I have been attempting the Eulers in F#* and am currently on #5. My problem is using a function that takes more than one parameter in a pipeline operation.

This function correctly returns whether the first parameter is divisible by every member of an array which is the second parameter: 

let isDivisibleBy seq n =
    seq
    |> Seq.forall (fun x -> n % x = 0)

isDivisibleBy [|1 .. 10|] 2520 //true

However, the following statement does not work:

Seq.initInfinite
    |> Seq.find isDivisibleBy [|1 .. 10|]

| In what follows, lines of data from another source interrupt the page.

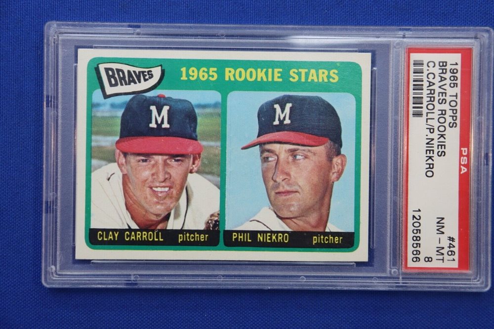1965 TOPPS ROOKIE STARS Card PHIL NIEKRO CLAY CARROLL RC High Grade PSA NM-MT 8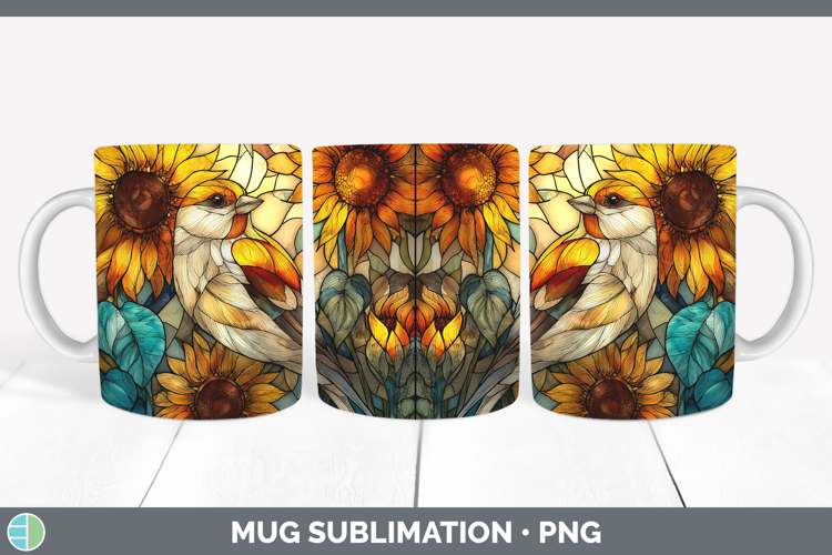 Similar Design Products to Snow Bunting Mug Wrap Birds 01 Stained Glass Sunflower Subli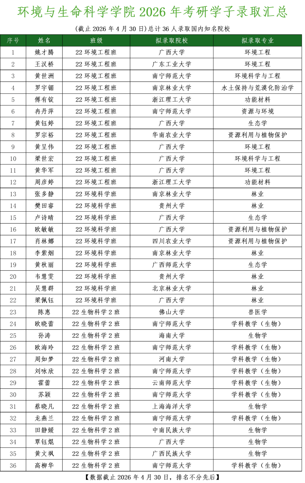 2026届毕业生考研深造工作圆满落幕。本届毕业生考研再创佳绩,共有36名学子顺利上岸、圆梦研途,考研录取率达29.03%,在录取人数、录取率及升学院校层次上实现多重突破,交出了一份亮眼的升学答卷。值得一提的是,超五成拟录取考生成功考入北京林业大学、华南农业大学、南京林业大学、广西大学等“双一流”建设高校,专业方向覆盖环境科学与工程、生物学、生态学、学科教学(生物)等领域,彰显学院学科建设的扎实底蕴。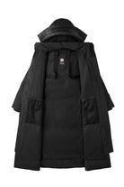 A long parka with a modern look. Straight fit. It features a padded hood and a sturdy front zip. Two slanted side pockets with zips. The iconic logo badge is on the sleeve. Inside pockets offer extra storage. The jacket has elasticated cuffs for a snug fit.

I get the following error:

error FS0001: The type '((int -> 'c) -> seq<'c>) -> 'd' is not compatible with the type 'seq<'a>'

*"2520 is the smallest number that can be divided by each of the numbers from 1 to 10 without any remainder. What is the smallest positive number that is evenly divisible by all of the numbers from 1 to 20?"

1
f#

1 Answers

5
votes

Short answer:

You're missing parentheses and first argument of Seq.initInfinite. Correct code:

Seq.initInfininte id
|> Seq.find (isDivisibleBy [|1..10|])

Explanation

In expression Seq.find isDivisibleBy [|1 .. 10|] you're trying to call function Seq.find with two arguments, isDivisibleBy and [|1 .. 10|]. And then you're trying to use the resulting value as second argument of the pipe (|>) operator. Your code is equivalent to this (just make each call a separate step):

let a = Seq.find isDivisibleBy [|1 .. 10|]
Seq.initInfinite |> a

Which is obviously incorrect.

From the rest of your code, I infer that what you probably wanted to do was to partially apply the function isDivisibleBy to argument [|1 .. 10|], and then pass the resulting value to Seq.find, like this:

let b = isDivisibleBy [|1 .. 10|]
let a = Seq.find b
Seq.initInfinite |> a

But this still won't compile, because Seq.initInfinite takes one argument - a function mapping indexes to elements of generated sequence, - but you provide no arguments:

let b = isDivisibleBy [|1 .. 10|]
let a = Seq.find b
let c = Seq.initInfinite (fun x -> x)
c |> a

Removing intermediate lets from the above code and replacing the redundant lambda fun x -> x with id, we get the final answer:

Seq.initInfininte id
|> Seq.find (isDivisibleBy [|1..10|])